Employee a = new Employee(...); 
Employee b = new Employee(...);

System.out.println(a == b); // false
System.out.println(b == a); // false
System.out.println(a == a); // true
System.out.println(b == a); // true

Employee c = b;
System.out.println(a == c); // the same as a == b
System.out.println(b == c); // the same as b == b

Object#equals(Object) checks whether content of two objects is the same. 

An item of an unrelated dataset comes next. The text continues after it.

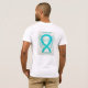 Scleroderma awareness uses a teal ribbon for its cause awareness. The shirt art features a teal awareness ribbon angel painting. The awareness angel t-shirt message notes "Scleroderma Awareness". There is a large image on the back of the shirt and a smaller picture on the front of the shirt. The teal awareness angel ribbon art apparel can be customised with personalised messages to make great cause event clothing for fundraiser shirts, group team walk shirts, awareness t-shirt gifts, or other special cause events occasions for merchandise to help increase this cause's awareness in public for society's help in creating help & cause change.

Employee a = new Employee(1, "XYZ");
Employee b = new Employee(1, "XYZ");

// if Employee#equals(Object); is overridden so that, 
// it checks both id and name for equality 
// then we can expect that all these lines returns true
System.out.println(a.equals(b)); // true
System.out.println(b.equals(a)); // true
System.out.println(a.equals(a)); // true
System.out.println(b.equals(b)); // true

Employee c = b;
System.out.println(a.equals(c)); // this is the same as a.equlas(b);

Employee d = new Employee(2, "ABC");
System.out.println(a.equals(d)); // false

Object#hashCode() returns integer number that identifies content (if two objects are equal, then hashcodes have to be the same). 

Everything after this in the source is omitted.